Ich dzieła przetrwały i wciąż są cenione. O kolei transandyjskiej, wielkim dziele Ernesta Malinowskiego słyszał prawie każdy, ale o tym, że firma budująca mosty, założona w Chicago przez Rudolfa Modrzejewskiego działa do dzisiaj, już wie niewiele osób. A przecież mosty zbudowane przez niego w USA wciąż uznawane są za nowoczesne.

O tym, że genialny kompozytor z Leszna Roman Maciejewski, autor słynnego „ Requiem”, był przez pewien czas dyrektorem muzycznym Metro Goldwyn Mayer, wiedzą już tylko jednostki. To tylko dwa przykłady z wielu prezentowanych w tej publikacji.

Nieznane historie tych wielkich Polaków ilustrują unikatowe zdjęcia archiwalne.

Marek Borucki
Wielcy zapomniani. Polacy, którzy zmienili świat
Wydawnictwo Muza
Premiera: 21 stycznia 2015

Najdroższe zegarki świata

Antoni Patek, zegarmistrz, pionier przemysłowej produkcji zegarków

Panuje powszechne przekonanie, że najlepsze na świecie zegarki to zegarki szwajcarskie, a najdroższe spośród nich są marki Patek – chociaż firma od dawna należy do kogo innego. Jak doszło do tego, że nasz rodak, powstaniec listopadowy stał się producentem najlepszych i najdroższych zegarków świata?

Antoni Norbert Patek urodził się 14 czerwca 1812 roku w Piaskach Luterskich na Lubelszczyźnie w rodzinie drobnej szlachty. Rodzicami jego byli Joachim Patek i Anna z Piaseckich. Gdy Antek miał kilka lat, zmarł jego ojciec i chłopiec musiał zacząć zarabiać. W wieku siedemnastu lat wstąpił do wojska Królestwa Polskiego, do 1 Pułku Strzelców Konnych Jazdy Augustowskiej. Wkrótce wybuchło powstanie listopadowe, w którym młody żołnierz wziął udział i odznaczył się wielką odwagą i walecznością, co zostało docenione przez dowództwo i zaowocowało awansem do stopnia porucznika. Został też odznaczony Krzyżem Złotym Orderu Virtuti Militari. Był dwukrotnie lekko ranny.

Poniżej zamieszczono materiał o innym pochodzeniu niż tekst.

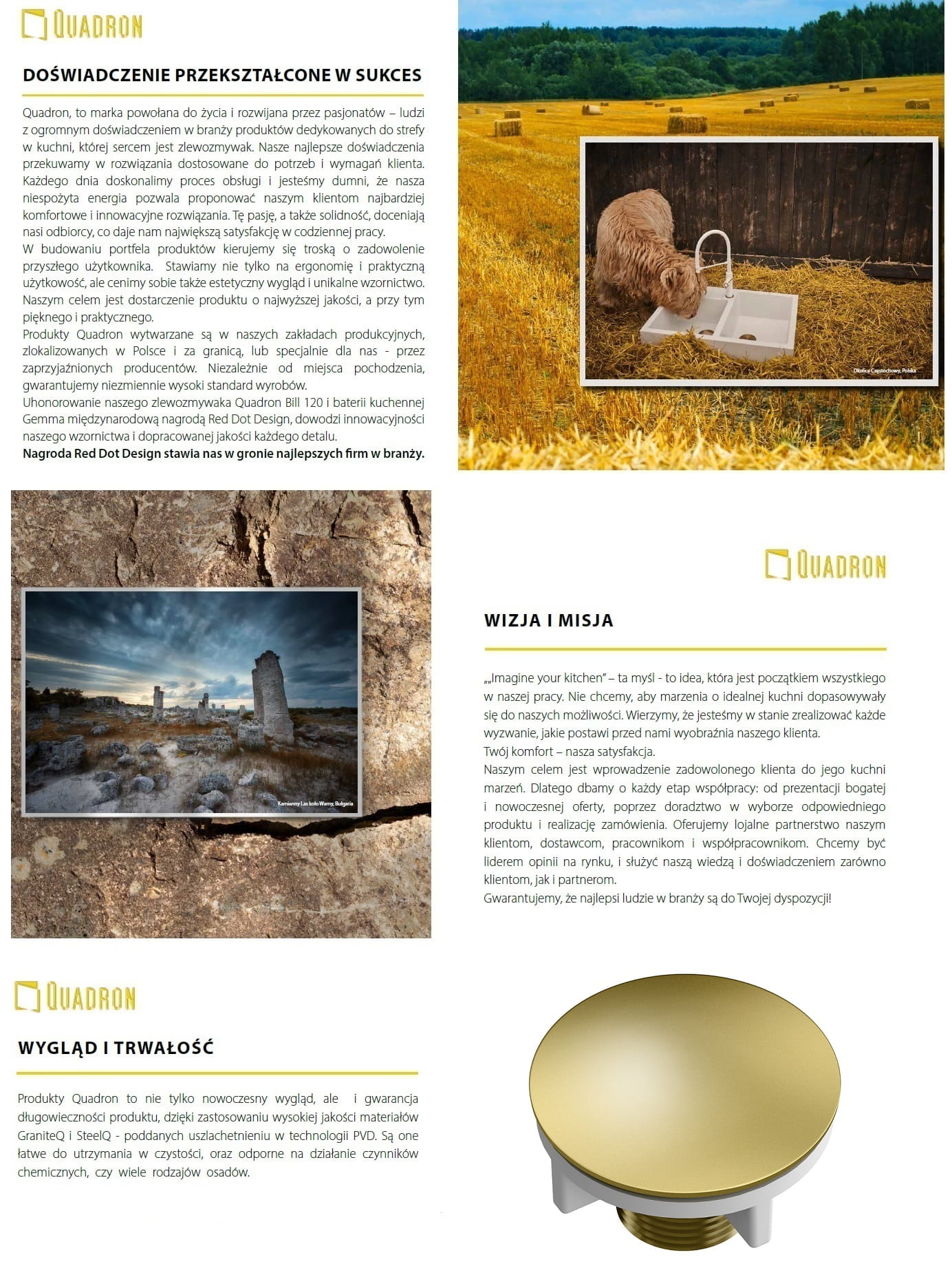 Zaślepka ze stali szlachetnej PVD w kolorze złotym. Idealnie pasuje do zlewozmywaka granitowego, stalowego, ceramicznego, szklanego.

Jedni biografowie Patka twierdzą, że bezpośrednio po upadku powstania, w 1831 roku udał się do Francji, inni zaś, że na polecenie generała Józefa Bema przedostał się do Prus, aby tam zorganizować punkt etapowy dla powstańców emigrujących na Zachód. Pewne jest, że jeszcze pod koniec 1831 roku znalazł się we Francji. Pracował tam jako zecer. Mając uzdolnienia techniczne i artystyczne, mógł pracować w różnych zawodach. Francję musiał opuścić, podobnie jak wielu innych Polaków, podejrzewanych o działalność rewolucyjną. Zamieszkał więc w Szwajcarii, w Genewie, rozpoczynając wielką karierę zegarmistrzowską.

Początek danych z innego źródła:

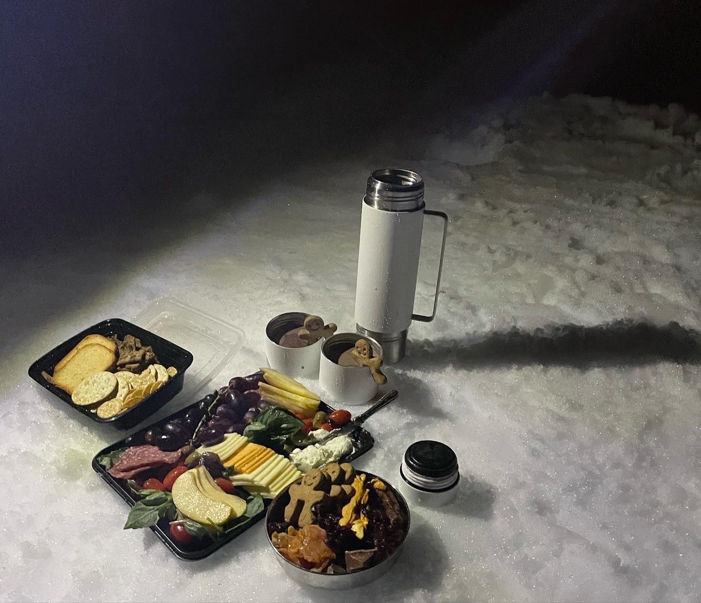 We walked out into the spit to take a short break for a snack. My friend surprised us by pulling out a fancy charcuterie spread and hot cocoa that she had brought to share. It was very festive! We ate and rehydrated, but soon we were getting cold, so it was time to continue on around the pond. The bridges on the back side of the pond are full of snow almost to the railings. Kids and dogs should be extra cautious on them.

Początkowo rozwijał swoje uzdolnienia artystyczne i uczył się malarstwa, a ponadto handlował winami. Z ogromnym zainteresowaniem odwiedzał liczne w Genewie warsztaty zegarmistrzów i grawerów.
Zaczynał bardzo skromnie. Na początku nie wyrabiał zegarków, natomiast osobno kupował najlepsze mechanizmy u mistrzów genewskich i koperty. Artystom rzemieślnikom zlecał ich grawerowanie, emaliowanie i złocenie, w ten sposób zarabiając spore pieniądze.
Dopiero w 1839 roku młody przedsiębiorczy emigrant wraz z innym emigrantem, Polakiem czeskiego pochodzenia Franciszkiem Czapkiem założył w Genewie wytwórnię zegarków zupełnie innych od dotychczas produkowanych na świecie. Były to nie tylko nowoczesne, precyzyjne mechanizmy, ale wprost dzieła sztuki, bowiem Patek doskonale opanował wszelkiego rodzaju zdobnictwo. Czapek miał większe doświadczenie, ponieważ wcześniej w kraju pracował w zawodzie zegarmistrzowskim. W rozrastającej się firmie Patek Czapek zatrudniano polskich zegarmistrzów przybywających głównie z Królestwa Polskiego.
W tym czasie Antoni Patek ożenił się z Francuzką Marią Adelajdą Thomasini, kuzynką genewskiego zegarmistrza Moreau, z którym od dawna współpracował.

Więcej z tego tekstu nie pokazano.